• Material provided
..............................

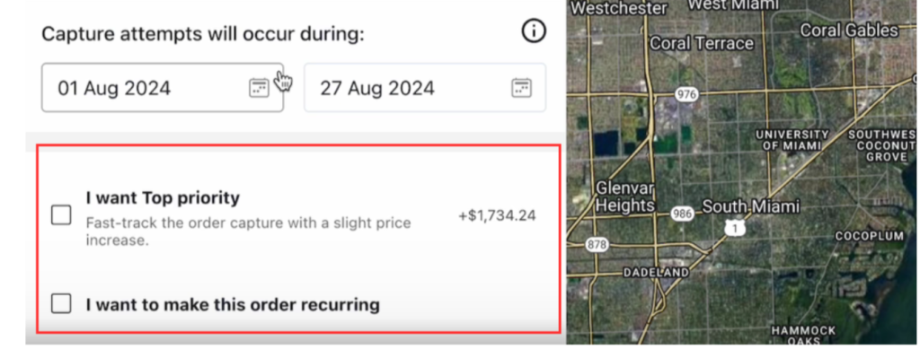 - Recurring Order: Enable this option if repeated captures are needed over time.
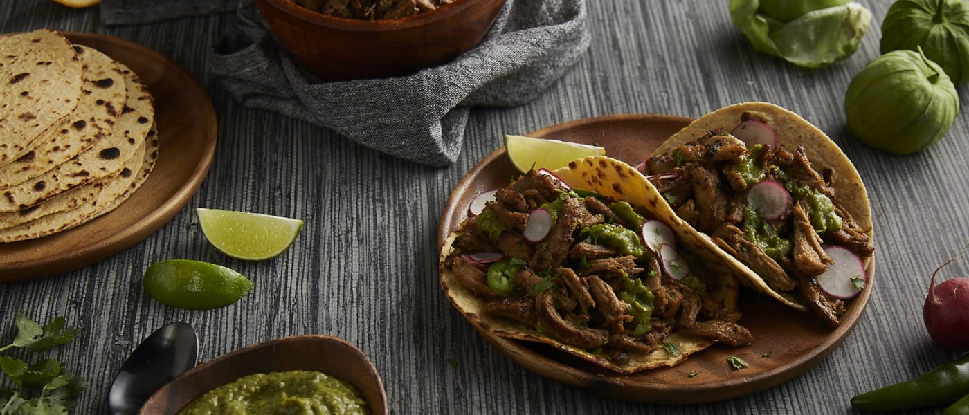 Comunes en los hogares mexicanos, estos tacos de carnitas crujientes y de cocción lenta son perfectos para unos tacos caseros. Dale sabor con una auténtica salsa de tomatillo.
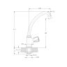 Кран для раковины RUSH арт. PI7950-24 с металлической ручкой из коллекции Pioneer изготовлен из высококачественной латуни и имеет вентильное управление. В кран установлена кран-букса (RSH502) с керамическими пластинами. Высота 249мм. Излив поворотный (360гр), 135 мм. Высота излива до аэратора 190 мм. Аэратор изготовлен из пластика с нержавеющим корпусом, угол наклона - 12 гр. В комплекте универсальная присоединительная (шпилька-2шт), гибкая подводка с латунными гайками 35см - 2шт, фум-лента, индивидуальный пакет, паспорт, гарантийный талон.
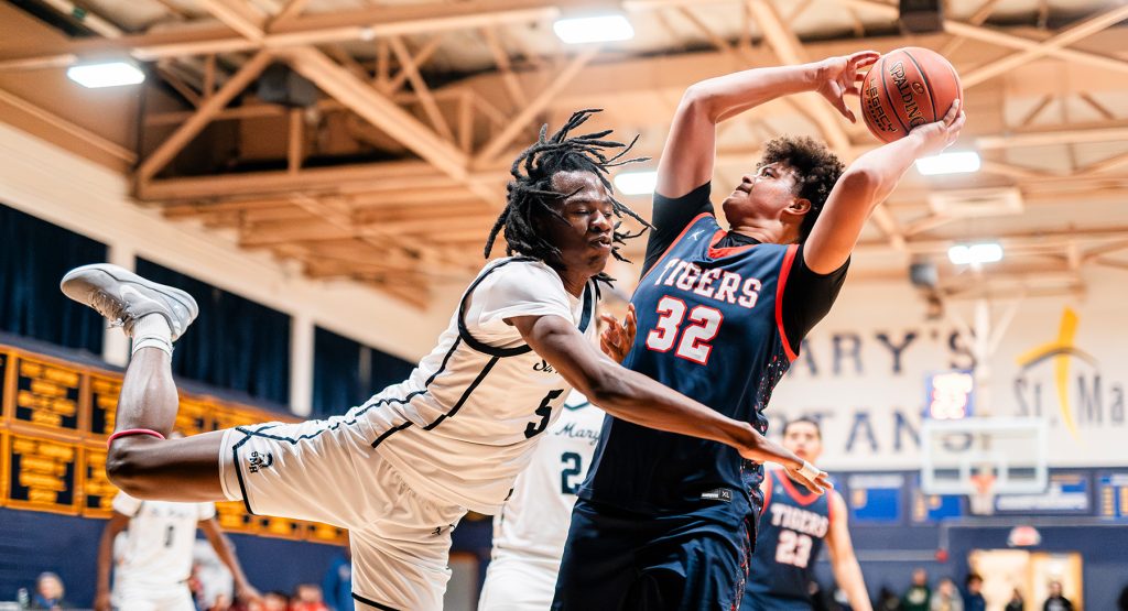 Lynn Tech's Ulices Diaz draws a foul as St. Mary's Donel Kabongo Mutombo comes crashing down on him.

..............................

• Exercise aim
Could the data above be copied out exactly, with no pictures kept?

• Final answer
 - Recurring Order: Enable this option if repeated captures are needed over time.
 Comunes en los hogares mexicanos, estos tacos de carnitas crujientes y de cocción lenta son perfectos para unos tacos caseros. Dale sabor con una auténtica salsa de tomatillo.
 Кран для раковины RUSH арт. PI7950-24 с металлической ручкой из коллекции Pioneer изготовлен из высококачественной латуни и имеет вентильное управление. В кран установлена кран-букса (RSH502) с керамическими пластинами. Высота 249мм. Излив поворотный (360гр), 135 мм. Высота излива до аэратора 190 мм. Аэратор изготовлен из пластика с нержавеющим корпусом, угол наклона - 12 гр. В комплекте универсальная присоединительная (шпилька-2шт), гибкая подводка с латунными гайками 35см - 2шт, фум-лента, индивидуальный пакет, паспорт, гарантийный талон.
 Lynn Tech's Ulices Diaz draws a foul as St. Mary's Donel Kabongo Mutombo comes crashing down on him.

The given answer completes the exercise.